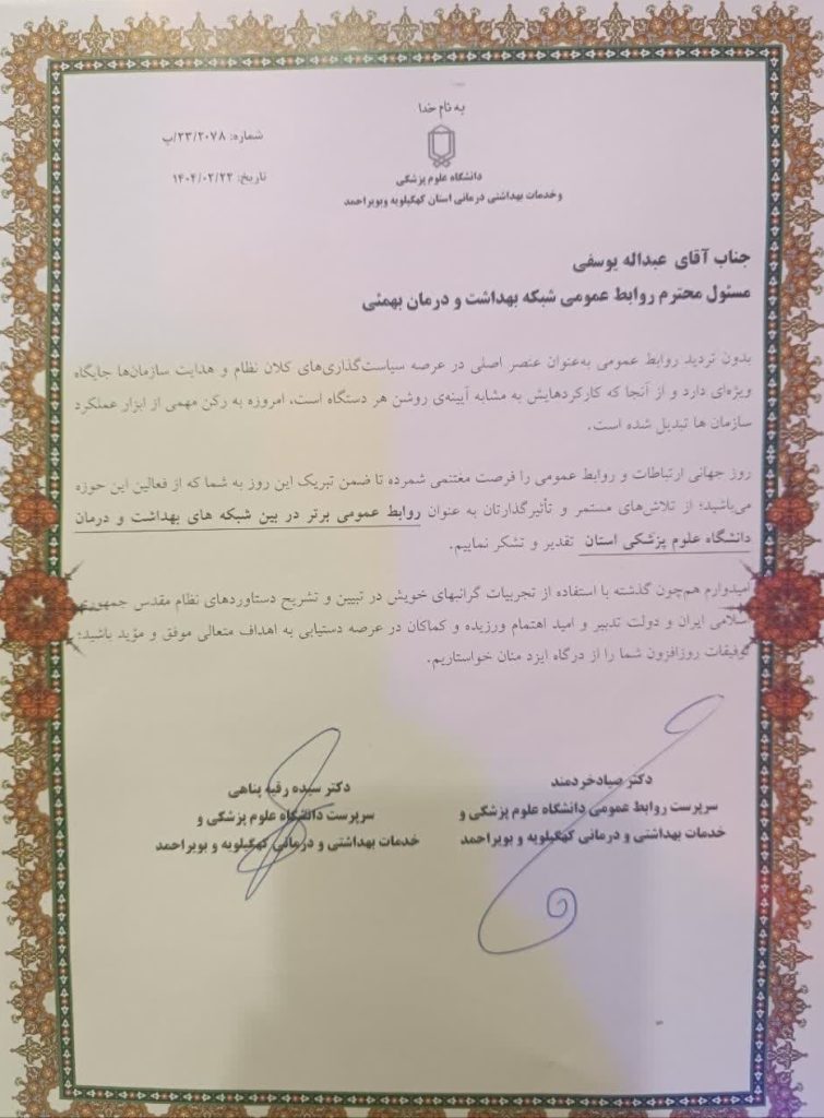 در این مراسم، از عبداله یوسفی، روابط عمومی شبکه بهداشت و درمان بهمئی، به دلیل عملکرد قابلتوجه و کسب امتیاز برتر در حوزههای مختلف تقدیر به عمل آمد.
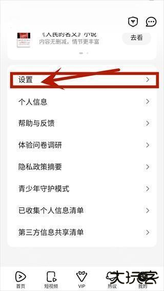 切换到另一个页面后,在页面中选择【设置】并点击。
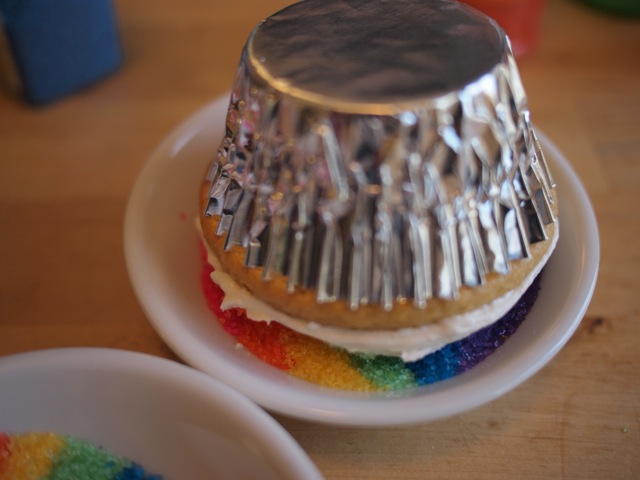 6. Invert the cupcake, and carefully lower onto the sugar stripes. Gently roll it around, pressing lightly, so that the whole top of the cupcake makes contact with the sugar.
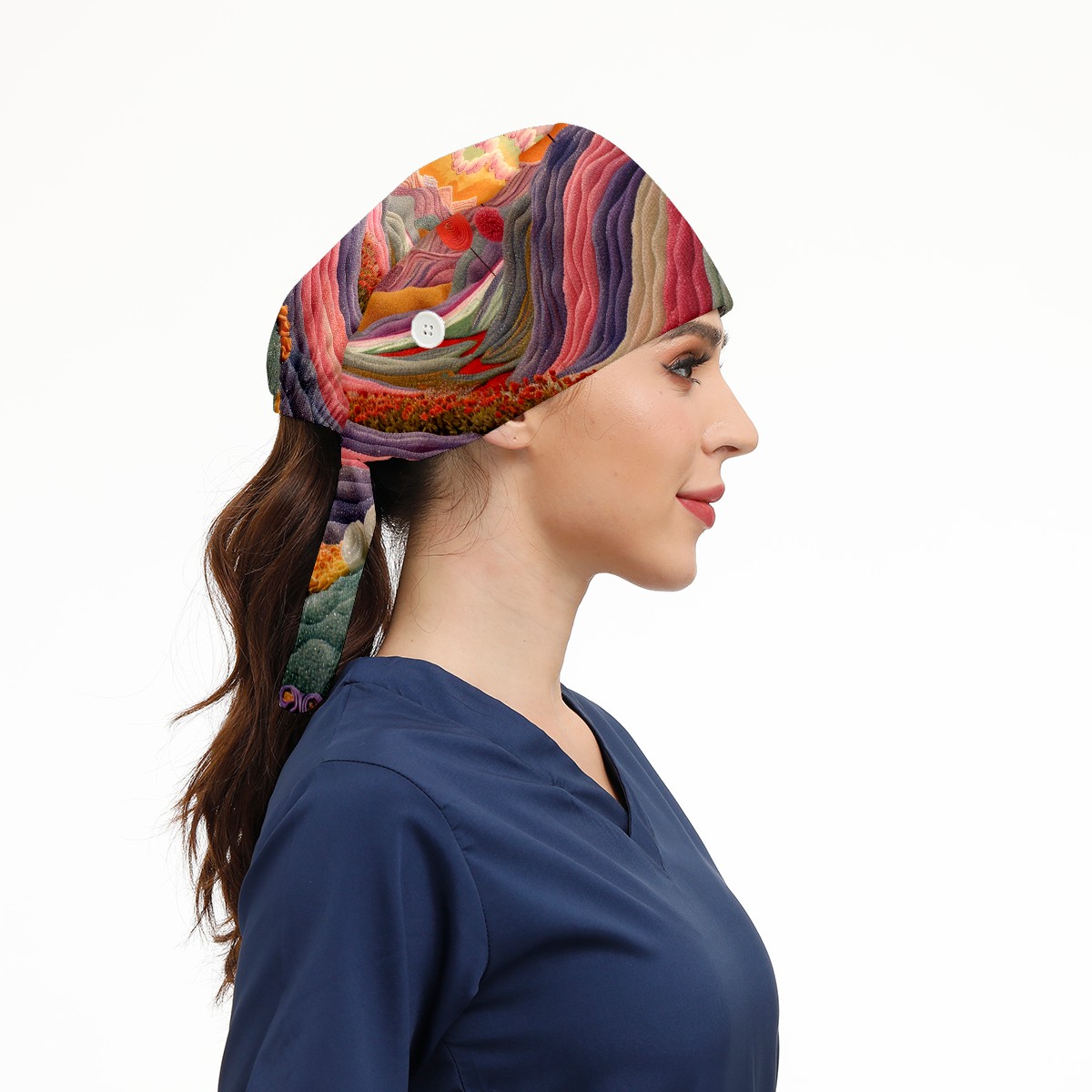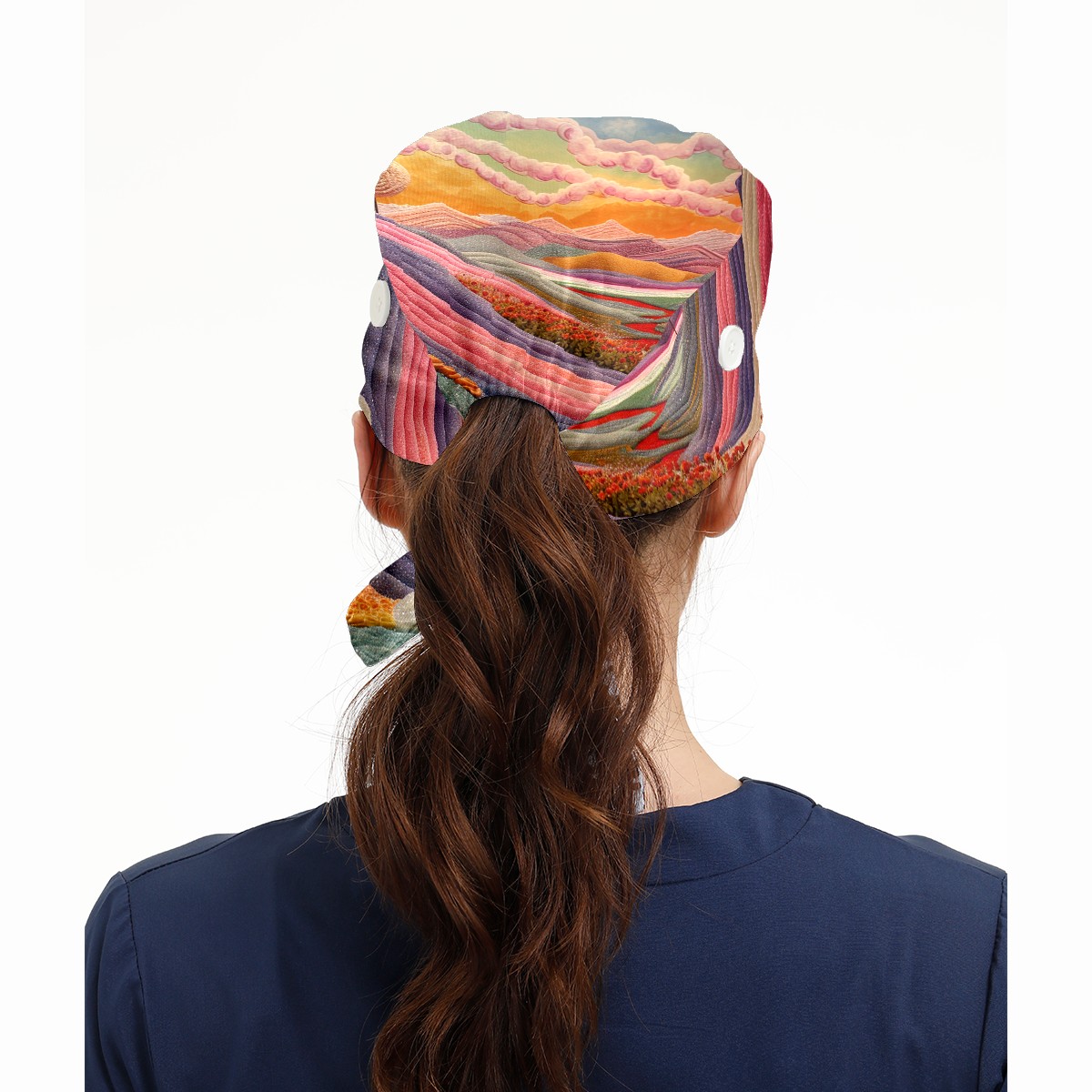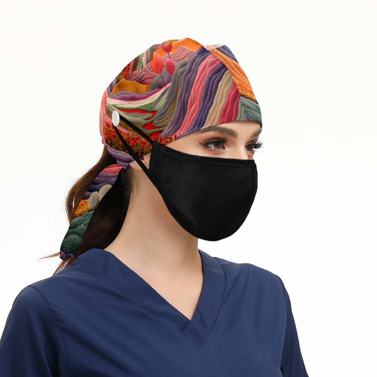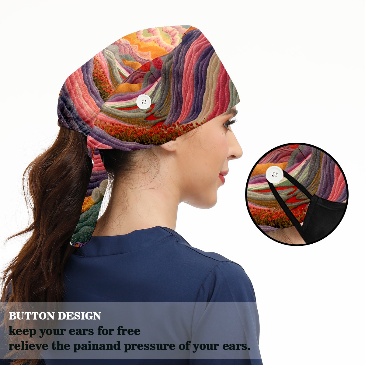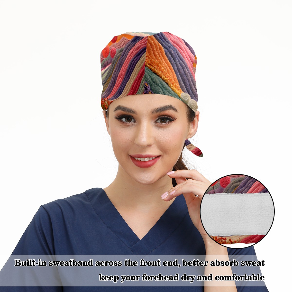 Working Caps with Button & Sweatband Satin Lined Cotton Adjustable Nurse Hats Elastic Band Scrub Cap Surgeon Hat Colour
----------
• _WHAT THE TASK REQUIRES_
Reproduce the whole listing verbatim. Pictures stay out of the copy.

• _FINAL ANSWER_
 در این مراسم، از عبداله یوسفی، روابط عمومی شبکه بهداشت و درمان بهمئی، به دلیل عملکرد قابلتوجه و کسب امتیاز برتر در حوزههای مختلف تقدیر به عمل آمد.
 切换到另一个页面后,在页面中选择【设置】并点击。
 6. Invert the cupcake, and carefully lower onto the sugar stripes. Gently roll it around, pressing lightly, so that the whole top of the cupcake makes contact with the sugar.
 Working Caps with Button & Sweatband Satin Lined Cotton Adjustable Nurse Hats Elastic Band Scrub Cap Surgeon Hat Colour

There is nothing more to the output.